Los Detroit Pistons dejaron aún más atrás su pasado a costa de hurgar en el de James Harden. Con su intenso y desagradable baloncesto de rascar y correr, de perseguir y persistir, el equipo que no hace tanto era el hazmerreír de la NBA volvió a golpear anoche a los Cleveland Cavaliers (107-97), destapando las vergüenzas de Harden para poner el 2-0 en esta serie de Semifinales de Conferencia.

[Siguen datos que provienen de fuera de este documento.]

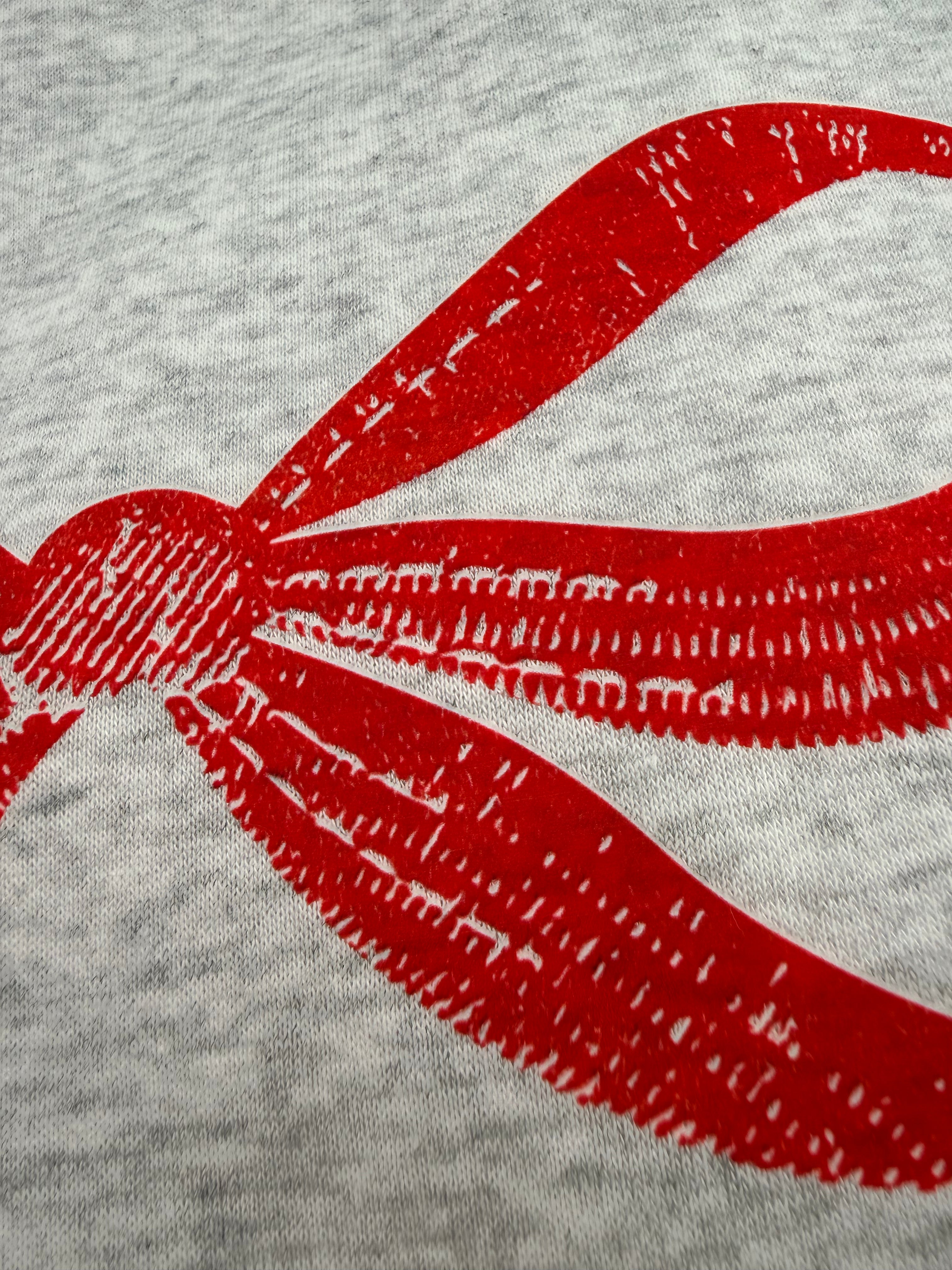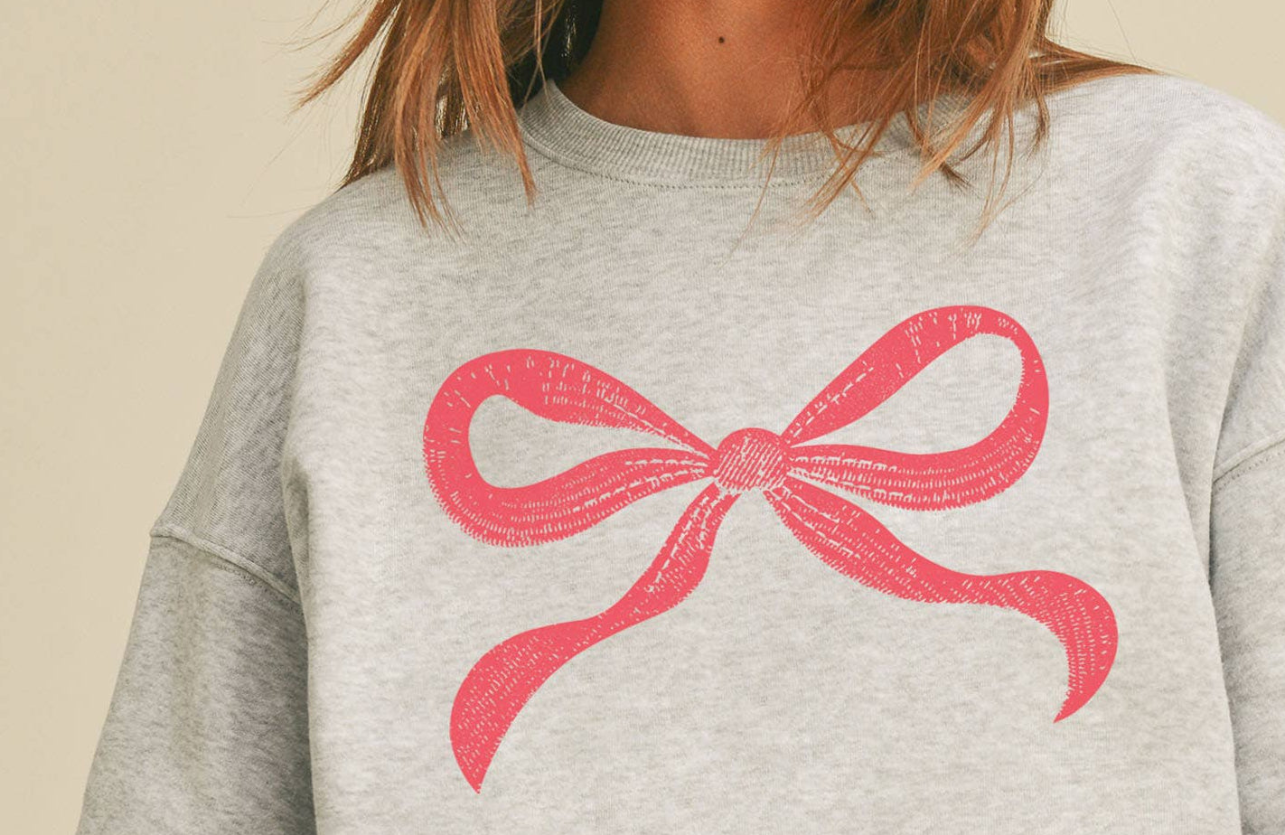 Light Grey Pink Bow Graphic Relaxed Fit Sweatshirt
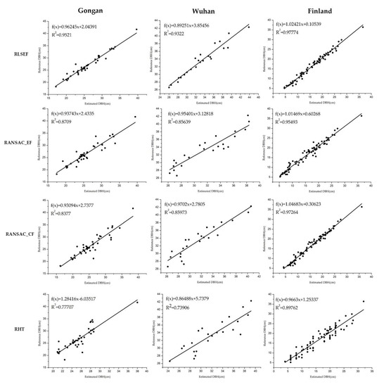 Figure 7 shows the scatter plot of TLS-estimated DBH and field-measured DBH in three plots. From the graph, the goodness-of-fit of the RLSEF method is the highest. The R-squared of this method is also the highest of the four methods. The results show that the RLSEF method produces lower mean errors for the three plots than with the other three algorithms.

El ilustre base de 36 años quedó abochornado con unos ínfimos 10 puntos con unos 3/13 en tiros de campo y un 0/4 en triples, registrando más pérdidas (4) que asistencias (3) para ser, de largo, el peor de su equipo con un -15. En un guión calcado al del Game 1, los Cavs se desmoronaron en unos últimos cinco minutos a los que llegaron sólo 94-91 tras un partido dominado por Detroit con rentas estrechas. Para más inri, la ‘Barba’ se quedó a 0 puntos en el último cuarto. 

El sonrojo de Harden fue aún mayor si miraba hacia su homólogo en los Pistons, un Cade Cunningham que en contraste exhibió su esencia de estrella con su enésimo recital en estos playoffs con 25 puntos, 3 rebotes y 10 asistencias con un 7/14 en tiros de campo y un 3/6 en triples. Para hacer aún más odiosa la comparación para la ‘Barba’, el número 1 del draft de 2021 acabó como el mejor de su equipo también en términos de impacto con un +13.

Tobias Harris ejerció de nuevo como un veterano de garantías con 21 puntos, como garantía desde el banquillo es Daniss Jenkins con 14 tantos para el base no drafteado.

Donovan Mitchell, otro que tal en los playoffs, estuvo por una vez más que a la altura de la ocasión con 31 puntos y Jarrett Allen aportó 22, insuficiente en cualquier caso para arreglar el estropicio de James Harden.

Quizá los Cavaliers no sabían dónde se estaban metiendo cuando traspasaron por la ‘Barba’ en febrero, firmando una especie de pacto con el diablo al traer a un galáctico en la teoría, un astro nada en lo práctico con su conocido y extenso historial de fallar en los playoffs.

Harden no disputa unas Finales de Conferencia desde las de 2018 con los Rockets, llevando a nada a ninguno de los varios equipos en los que ha estado desde entonces en su búsqueda desesperada del anillo, Nets, Sixers, Clippers y ahora Cavaliers.

La ‘Barba’ ya ofreció preocupantes síntomas de debilidad ante los Toronto Raptors en primera ronda, sufriendo lo indecible para pasar una eliminatoria a siete partidos ante un equipo con una defensa muy física. Ahora ante un equipo aún mejor defensivamente como Detroit, James Harden simplemente está sucumbiendo.

Estrella que brilla en temporada regular y se apaga en los playoffs, o le da un giro dramático de guión a su relato en los playoffs o le quedará ya colgado para siempre el sambenito de leyenda a medias.